Reproducibility of ultrasound measurement of the abdominal aorta.

机构信息

Division of Cardiovascular and Diabetes Research, University of Leeds, Leeds, UK.

出版信息

Br J Surg. 2011 Nov;98(11):1517-25. doi: 10.1002/bjs.7628. Epub 2011 Aug 22.

Abstract

BACKGROUND

Abdominal aortic aneurysm (AAA) screening and surveillance programmes use ultrasound imaging to measure the anteroposterior (AP) diameter of the infrarenal aorta. The aim of this study was to examine potential observer bias and variability in ultrasound measurements.

METHODS

Studies were identified for review via a MEDLINE database search (1966-2009). References supplied in accessed papers were also checked for potential relevance. Consistent search terminology, and inclusion and exclusion criteria were used to ensure quality of data. Nine papers were available to review.

RESULTS

Variation in intraobserver repeatability and interobserver reproducibility was identified. Six studies reported intraobserver repeatability coefficients for AP aortic diameter measurements of 1·6-4·4 mm. These were below the 5-mm level regarded as acceptable by the UK and USA AAA screening programmes.
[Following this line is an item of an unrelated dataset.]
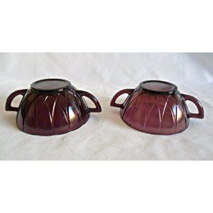 2 Newport Cream Soup Handle Bowl Amethyst Hairpin Depression Glass Purple Hazel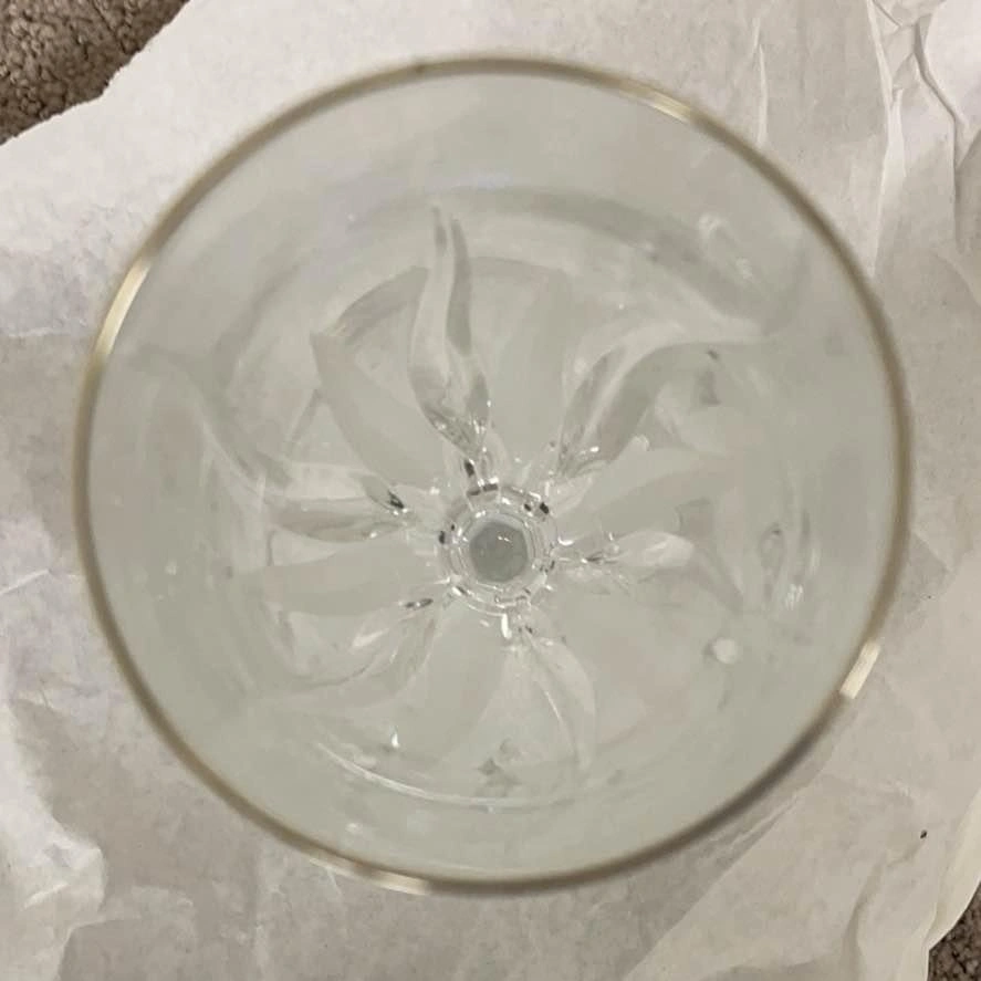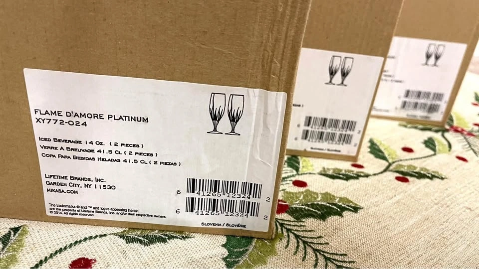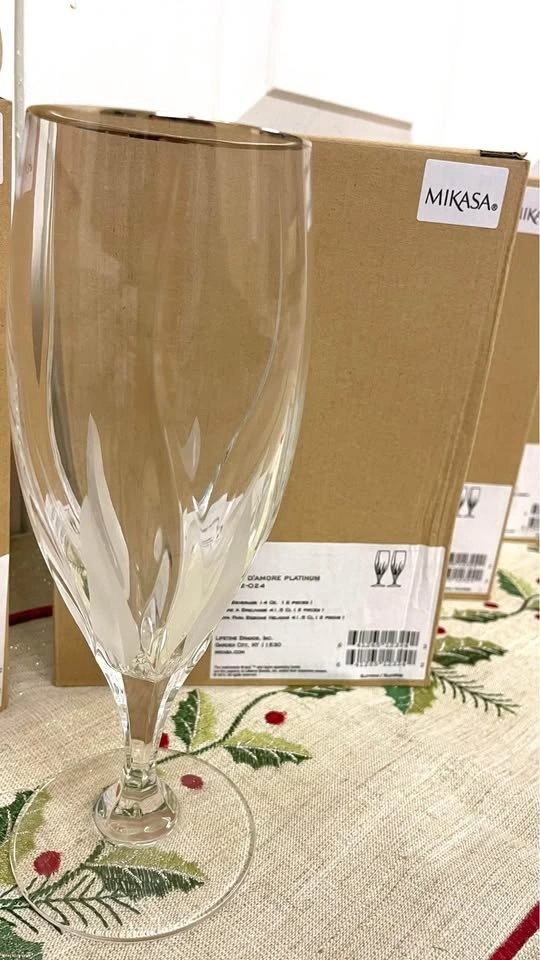 These beautiful crystal glasses were only used once for a beautiful Christmas. They have no chips, stains or cracks.

Five studies had interobserver reproducibility below the level of 5 mm. Four studies, however, reported poor reproducibility (range from -2 to +5·2 to -10·5 to +10·4); these differences may have had a significant clinical impact on screening and surveillance.

CONCLUSION

The studies used different methodologies with no standardized measurement techniques. Measurements were taken by observers from different medical disciplines of varying grade and levels of training. Standard training and formal quality assurance of ultrasound measurements are important components of an effective AAA screening programme.

摘要

背景

腹主动脉瘤(AAA)筛查和监测计划使用超声成像来测量肾下主动脉的前后(AP)直径。本研究旨在检查超声测量中潜在的观察者偏倚和可变性。

方法

通过 MEDLINE 数据库搜索(1966-2009 年)确定了进行综述的研究。还检查了获取的论文中的参考文献,以确定其潜在相关性。使用一致的搜索术语、纳入和排除标准来确保数据的质量。有 9 篇论文可供审查。

结果

确定了观察者内重复性和观察者间可重复性的差异。六项研究报告了 AP 主动脉直径测量的观察者内重复性系数为 1.6-4.4 毫米。这些都低于英国和美国 AAA 筛查计划认为可接受的 5 毫米水平。五项研究的观察者间可重复性低于 5 毫米。然而,有四项研究报告了较差的可重复性(范围从-2 到+5.2 到-10.5 到+10.4);这些差异可能对筛查和监测有重大的临床影响。

结论

这些研究使用了不同的方法,没有标准化的测量技术。测量是由来自不同医学专业、不同级别和不同培训水平的观察者进行的。对超声测量进行标准化培训和正式的质量保证是有效 AAA 筛查计划的重要组成部分。